### [Work to be completed]
Exactly and only the lines below from the one containing "为切实筑牢师德防线,深入贯彻" down to the one containing "解构➕泼墨➕涂鸦➕便签鞋子一整个细节满满~ 上脚复古又小清新的感觉🌊 迎接春天的仪式感" are wanted, both included; please exclude every picture.

### [Material to process]
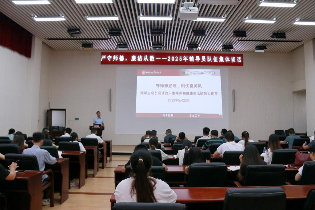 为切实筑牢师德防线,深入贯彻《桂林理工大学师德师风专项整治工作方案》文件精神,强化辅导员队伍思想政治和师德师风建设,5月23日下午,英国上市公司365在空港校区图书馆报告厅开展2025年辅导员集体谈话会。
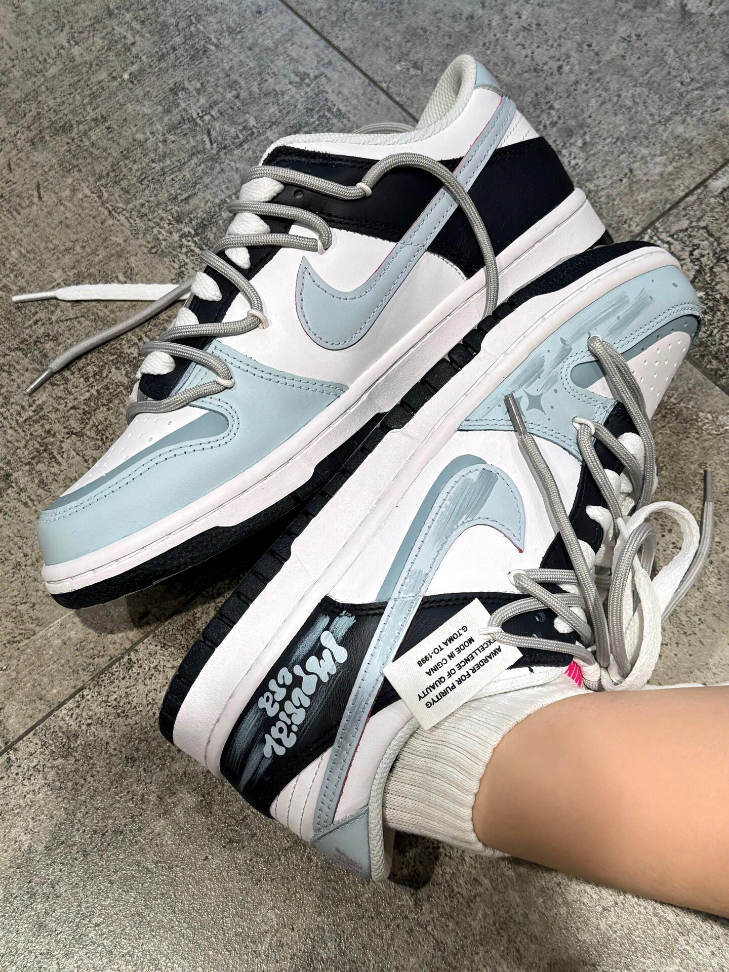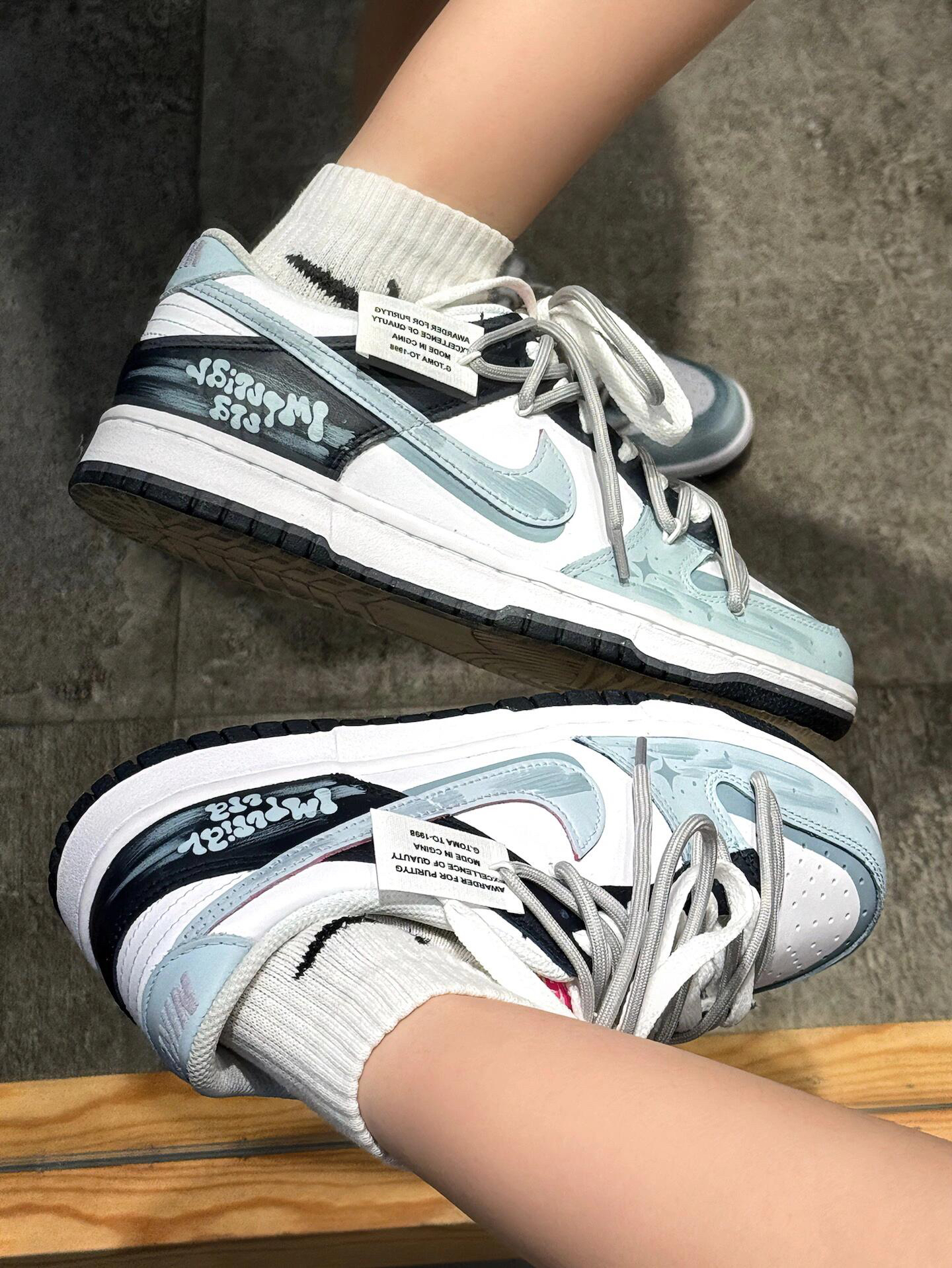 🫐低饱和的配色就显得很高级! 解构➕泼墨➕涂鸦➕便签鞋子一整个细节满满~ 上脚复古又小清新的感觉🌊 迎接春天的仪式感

--

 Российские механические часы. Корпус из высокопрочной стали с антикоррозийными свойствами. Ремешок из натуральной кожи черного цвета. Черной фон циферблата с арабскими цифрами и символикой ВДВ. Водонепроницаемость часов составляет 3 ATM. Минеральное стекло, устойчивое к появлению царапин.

### [Your response]
 为切实筑牢师德防线,深入贯彻《桂林理工大学师德师风专项整治工作方案》文件精神,强化辅导员队伍思想政治和师德师风建设,5月23日下午,英国上市公司365在空港校区图书馆报告厅开展2025年辅导员集体谈话会。
 🫐低饱和的配色就显得很高级! 解构➕泼墨➕涂鸦➕便签鞋子一整个细节满满~ 上脚复古又小清新的感觉🌊 迎接春天的仪式感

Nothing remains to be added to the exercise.